Tuesday, October 11, 2011

"Women, in general, have more choices than before."

Work it, Single Ladies- WORK IT!
According to some single women in their late 30s-early 40s, the single life is something we all should want.

Or is it?

In watching this: Women Who Love Being Single- on the Today Show,  I can't help but analyze body language when these women speak about how much they enjoy being single at their ages.

The first woman interviewed, Maria, is "single by choice." She says that her "joy is not predicated on being in a relationship... I have a good identity and I have a lot of joy in my life." Which is really great. I mean, girl power! I'd high-five her if she was in front of me.

But, when she first says that she is happy, and has a lot of love in her life from her family and friends, she looks down- rather than sternly and confidently into the camera.

I'm sure she's not lying when she says that her life is full and she doesn't need someone to be there to create the joy for her. I agree with that: in being single for the better part of a year and a half (give or take some months) I've learned that being filled with joy is something that one creates within one's self. If someone relies on another person for their joy and happiness, chances are that when/if that other person goes away, so will the joy and happiness. I just think that her body language said something else when she was speaking about where she receives love from.

Before the news story ends, Maria does say that she'd love to meet a man who's gutsy and loving, and who can keep up with her. So, I'm glad her story isn't about giving up in finding love, it's about appreciating finding your own happiness and living it every day, rather than getting all Patti- The-Matchmaker about love.

The news story then jumps into a live interview of a single journalist, Kate, and a psychiatrist (ironic much?) with Ann Curry.

Kate says that "men have been declining" and women have been "ascending." She was referring to the work place and income-earning levels, but those chosen words show a little bit more than just a feminist point of view.  It seemed like it was coming from a personal, an emotional place.

She continues to say that marriage is an option for women now, rather than a necessity, as it once was.

Ann then brings up the fact that this is comparable to Kate's own life... cuing the awkward body language. Kate stutters and can't get her "I'm single, I'm 39... I always thought I'd get married because that's what people do..." out fast enough. She starts speaking with her hands and smiling awkwardly. Though, similar to Maria, she says that she has enough love from her family and friends networks.

Come the end of the news story, the three conclude with the fact that being single is really about providing your own security, rather than relying on someone else. A happy ending.

Getting to the down and dirty... and incorporating psychology into my own thoughts...

Maybe I look for uncomfortable body languages from single mid-30s women because I want to know if they're truly happy.
Maybe there is a solo opportunity for my future, one I haven't thought of for myself, that I'll be able to read through these women.
Maybe getting married and having babies by the time I'm in my early-30s isn't in my cards...

But, what if I DO want to live in the traditional role of my gender?

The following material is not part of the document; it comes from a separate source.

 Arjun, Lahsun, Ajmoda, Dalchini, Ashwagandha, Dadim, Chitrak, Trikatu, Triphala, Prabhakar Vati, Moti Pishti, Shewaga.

Not "role" as in wearing an apron when my husband gets out of work and I have dinner ready on the table, but, "role" as in finding true love that will bring me to marriage before my biological clock runs out.

I think that there are parts of these women that still have that eternal hope for true love that they haven't found, yet. But, they're living their lives in the most prolific and exciting way they know how, since God hasn't given them the opportunity to marry, yet.

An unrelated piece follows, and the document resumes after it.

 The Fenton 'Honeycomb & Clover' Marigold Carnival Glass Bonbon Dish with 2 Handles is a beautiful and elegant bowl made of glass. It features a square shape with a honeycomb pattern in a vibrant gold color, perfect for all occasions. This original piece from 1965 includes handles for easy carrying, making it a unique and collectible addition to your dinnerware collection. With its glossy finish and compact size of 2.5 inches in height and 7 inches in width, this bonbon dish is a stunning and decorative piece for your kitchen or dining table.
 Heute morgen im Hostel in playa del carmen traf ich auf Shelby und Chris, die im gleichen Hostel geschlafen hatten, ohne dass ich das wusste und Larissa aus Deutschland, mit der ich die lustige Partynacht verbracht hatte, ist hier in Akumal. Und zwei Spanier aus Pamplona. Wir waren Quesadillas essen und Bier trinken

Maybe that's just me hoping for them. Hoping that while they fulfill their personal desires, they leave enough room for someone else to jump in and join them on the rest of their life's' explorations and adventures.

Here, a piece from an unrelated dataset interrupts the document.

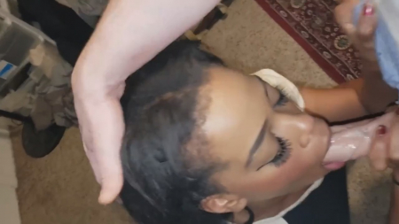 Опытная шоколадка точно не первый день в оральном деле. Пылесос-хуесос чтобы было приятней ее белому дружку сняла с себя трусики, дав ему возможность любоваться округлой пятой точкой, пока она сидит на полу, работая сладким ротиком. Ее не смущает камера возле симпатичного лица (что довольно редко для этой расы, но исключения есть везде), которая снимает весь заглот пениса с прожилками. Когда оператору кажется, что недостаточно глубоко, он заставляет им подавиться, придавливая голову как можно ближе к лобку. Кончать парнишка собрался на лицо, а попал на самое нелюбимое место для этого у девушек - на волосы.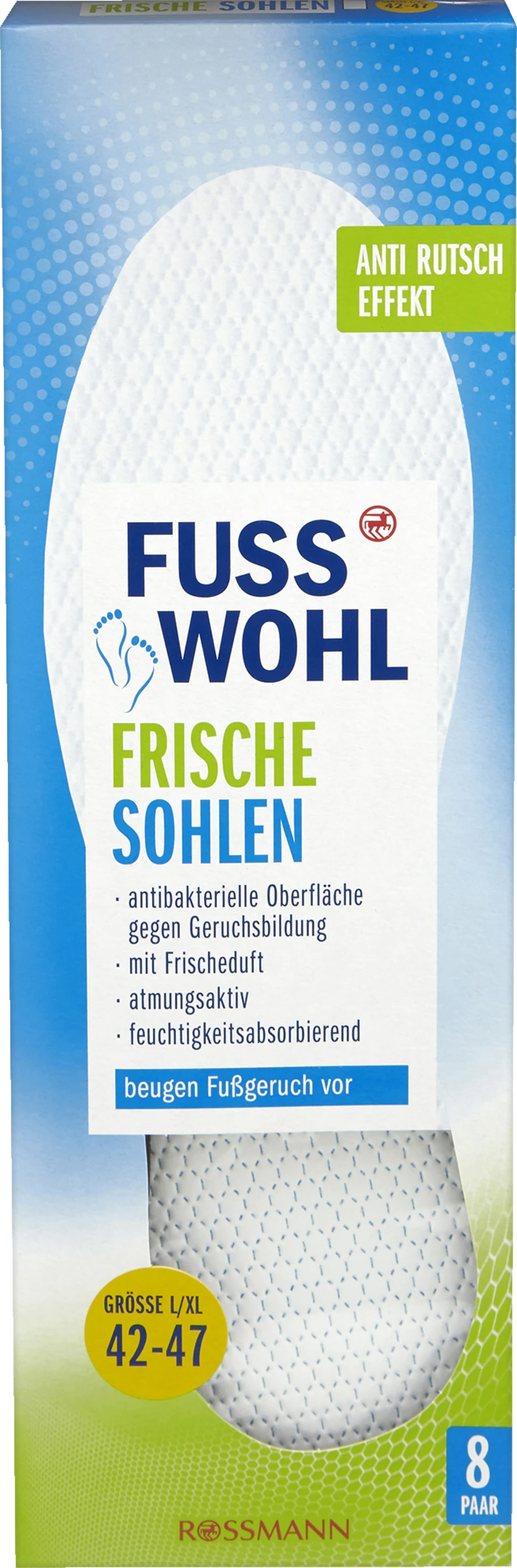 Die ultradünnen, atmungsaktiven FUSSWOHL FRISCHESOHLEN mit Mikroduftkapseln verleihen hygienische Fußfrische bis zu 7 Tage.

Or, maybe that's me hoping for myself. Everyday in my life is an adventure in some way:
- walking through the hustle and bustle of the Big Apple
- paying my rent from my own checking account
- presenting to clients
- traveling to visit friends everywhere.
 ----- I'm a single woman, and I'm doing this all on my own, with a smile on my face to BOOT!

I'm happy and it's because of my own self. I love my life and I wouldn't do anything to change it. Like Maria and Kate, I'm living my life according to what brings me joy and happiness, and until Mr. Right pops into my life, I'll continue living it that way... and getting happier every day.